Whatever spider the sacs from it will probably be useless now as it would have been put into storage and exposed to pretty low temperatures, as well as getting moved about a lot during transport.


----------



## nighthunte29 (Dec 28, 2008)

i lolled, lots of very evil spiders come from banana lands, such as the wanderer, youll either end up with a boring british species, or a dealy brazilian species, its just not worth it, also the banana's are thoroughly cleaned before packaging, i doubt the sack is alive


----------



## Ozgi (Jun 1, 2008)

The best thing to do is put it in the freezer. It probably wouldn't hatch anyway. But if it did you may have a lot of very deadly, very illegal spiders in your possession!


----------



## killerclown (Nov 21, 2008)

Ozgi said:


> very illegal spiders in your possession!


yeah :lol2:


----------



## GRB (Jan 24, 2008)

There are lots of other spiders that inhabit bananas other than BW'ers :roll:

However, I do suggest you freeze them. Even some foreign benign spiders could be more hassle than it's worth.


----------



## atum (Jun 1, 2009)

GRB said:


> There are lots of other spiders that inhabit bananas other than BW'ers :roll:
> 
> However, I do suggest you freeze them. Even some foreign benign spiders could be more hassle than it's worth.
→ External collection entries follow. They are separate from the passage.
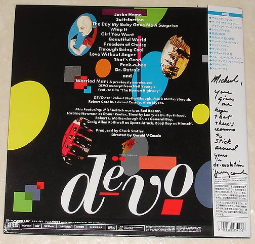 We're All DEVO Japan Import Laser Disc Catalog #: (Pilp1117) Label: Pioneer Release Date: 1983? Country: Japan Japan import pressing - alternate cover graphics w/ geometric shapes & black background..
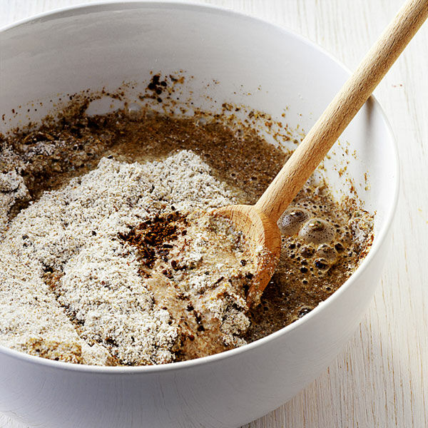 Am Vortag das Roggenvollkornmehl mit Roggenschrot, Sauerteig, knapp ½ l lauwarmem Wasser, Brotgewürz und Salz in einer Schüssel zu einem weichen Teig verrühren. Zugedeckt 18-22 Std. gut warm (mindestens 20°) gehen lassen.
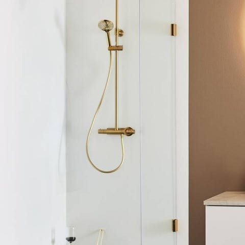 Säljer en helt ny och oanvänd Doro Frost DV 115 duschvägg i klarglas med svart väggprofil.

True, but worse case scenario in my eyes would be having a wanderer's sac on my hands.


----------



## Craig Mackay (Feb 2, 2009)

If the sac *was* viable and from a foreign species you would be presented with several complications such as what do you do with the resulting spiderlings especially when the species is unknown and whether or not they'd be DWA (probably very unlikely). It would be irresponsible to try and sell the slings with no idea what they were so your only other option would be to keep them which raises other issues such as care etc etc.

Probably best just to destroy it I'd say.


----------



## axorozzas (Aug 16, 2008)

LOL OK! THanks for the advice guys. Wasn't a great idea from the start then was it?

will freeze it then.


----------



## matto2k (Nov 30, 2006)

where are the bananas from? (country of origin not store brought at) would help narrow down what it could be. 

but yeah there is a chance your rearing BW'ers or brown recluses.... lol


----------



## Herpalist (Jun 17, 2009)

Unknown and invasive sp. Get rid of it is my 2 cents.


----------



## GRB (Jan 24, 2008)

Recluse spiders? Unless you buy bananas shipped from specific parts of the USA then I wouldn't worry about it...

I still suggest you get rid of them, but not for many of the exaggerated reasons posted prior.

Lastly, an invasive species is not the same as a transient species brought in by accident. It only becomes invasive if it becomes established and competes with native species.


----------